What to produce » Type out the listing below exactly. Pictures stay out of it.

Data excerpt »
§

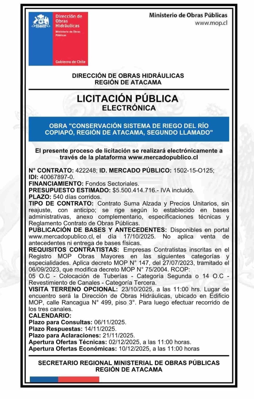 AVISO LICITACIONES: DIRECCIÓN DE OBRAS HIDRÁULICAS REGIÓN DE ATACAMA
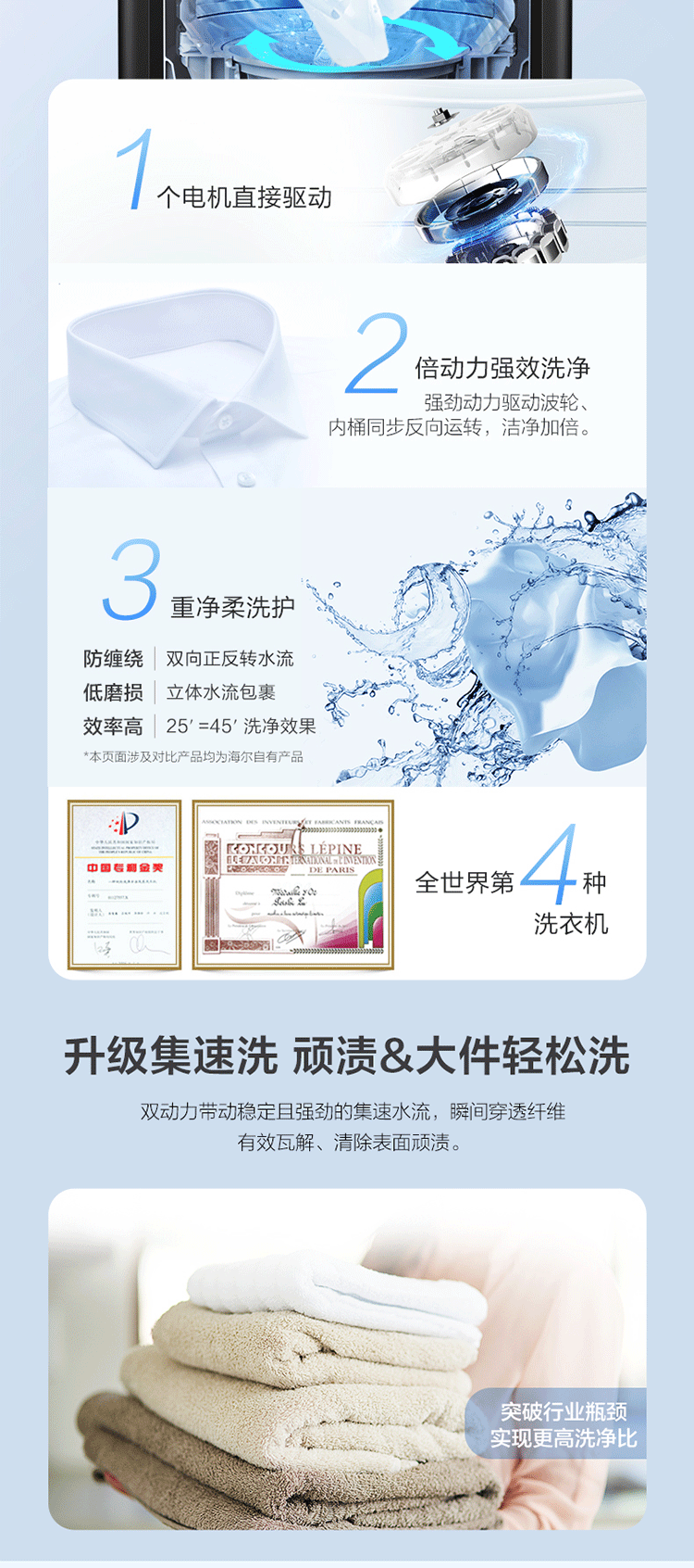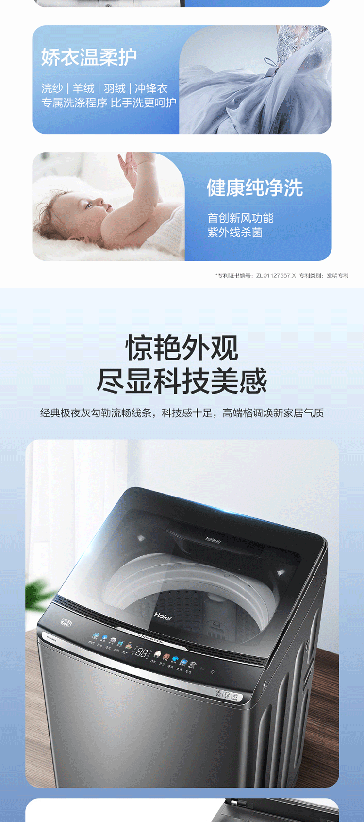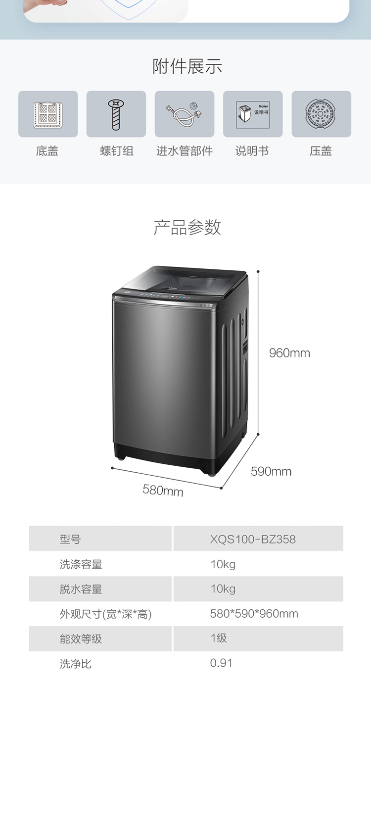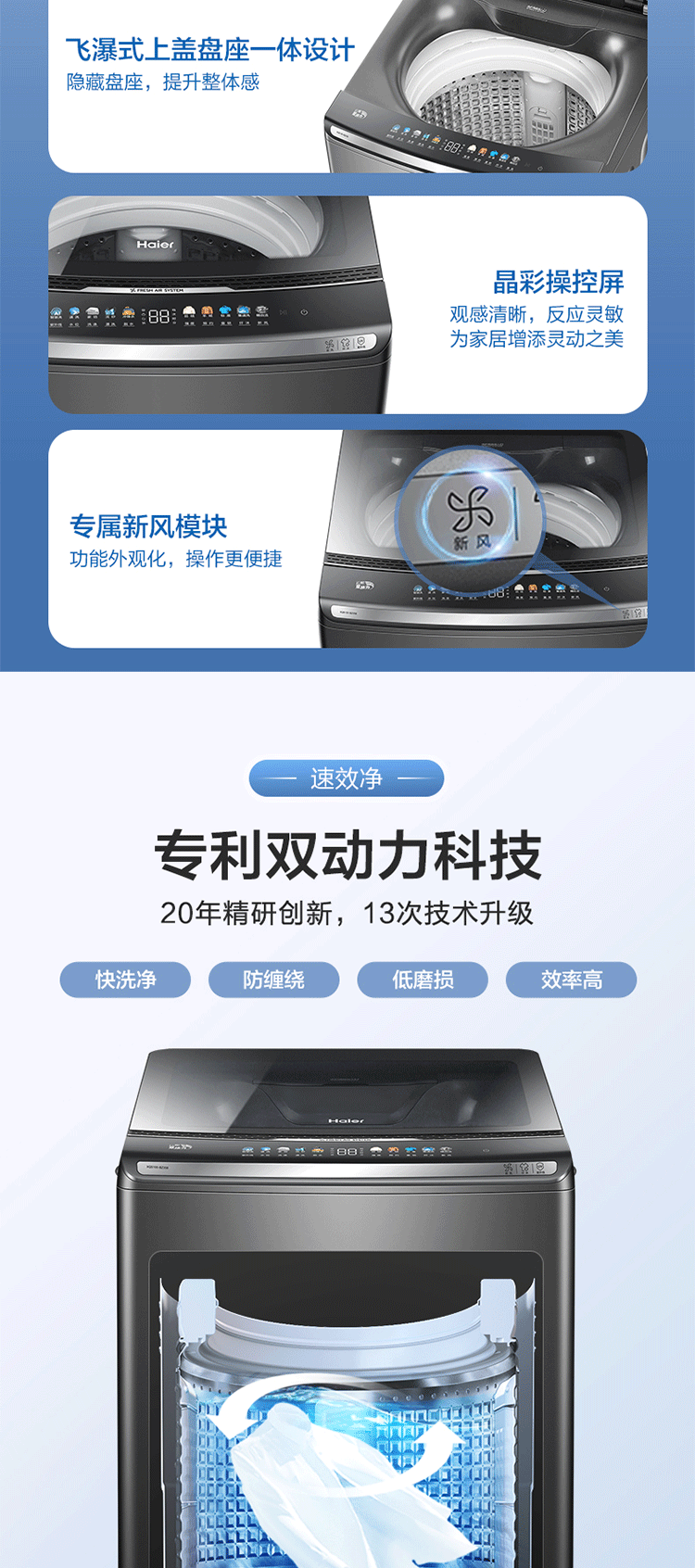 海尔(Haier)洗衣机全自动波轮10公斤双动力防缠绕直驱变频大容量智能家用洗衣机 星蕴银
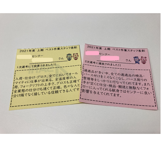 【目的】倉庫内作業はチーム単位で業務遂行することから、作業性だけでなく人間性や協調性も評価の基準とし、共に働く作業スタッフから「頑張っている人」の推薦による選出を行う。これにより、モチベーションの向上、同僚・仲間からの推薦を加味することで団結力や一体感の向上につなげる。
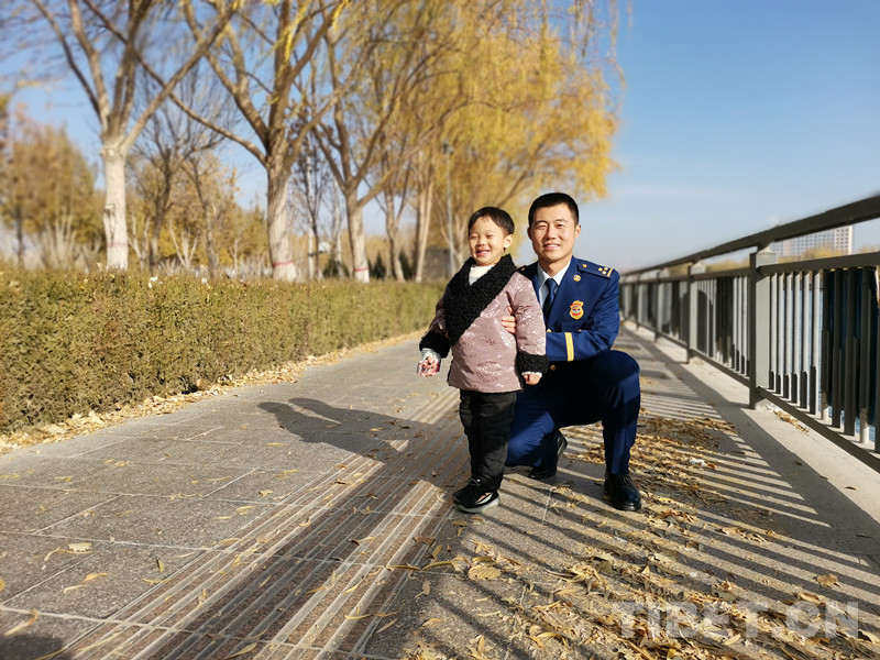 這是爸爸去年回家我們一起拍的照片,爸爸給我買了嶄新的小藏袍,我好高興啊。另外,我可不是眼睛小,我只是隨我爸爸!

§

Answer to this problem »
 AVISO LICITACIONES: DIRECCIÓN DE OBRAS HIDRÁULICAS REGIÓN DE ATACAMA
 海尔(Haier)洗衣机全自动波轮10公斤双动力防缠绕直驱变频大容量智能家用洗衣机 星蕴银
 【目的】倉庫内作業はチーム単位で業務遂行することから、作業性だけでなく人間性や協調性も評価の基準とし、共に働く作業スタッフから「頑張っている人」の推薦による選出を行う。これにより、モチベーションの向上、同僚・仲間からの推薦を加味することで団結力や一体感の向上につなげる。
 這是爸爸去年回家我們一起拍的照片,爸爸給我買了嶄新的小藏袍,我好高興啊。另外,我可不是眼睛小,我只是隨我爸爸!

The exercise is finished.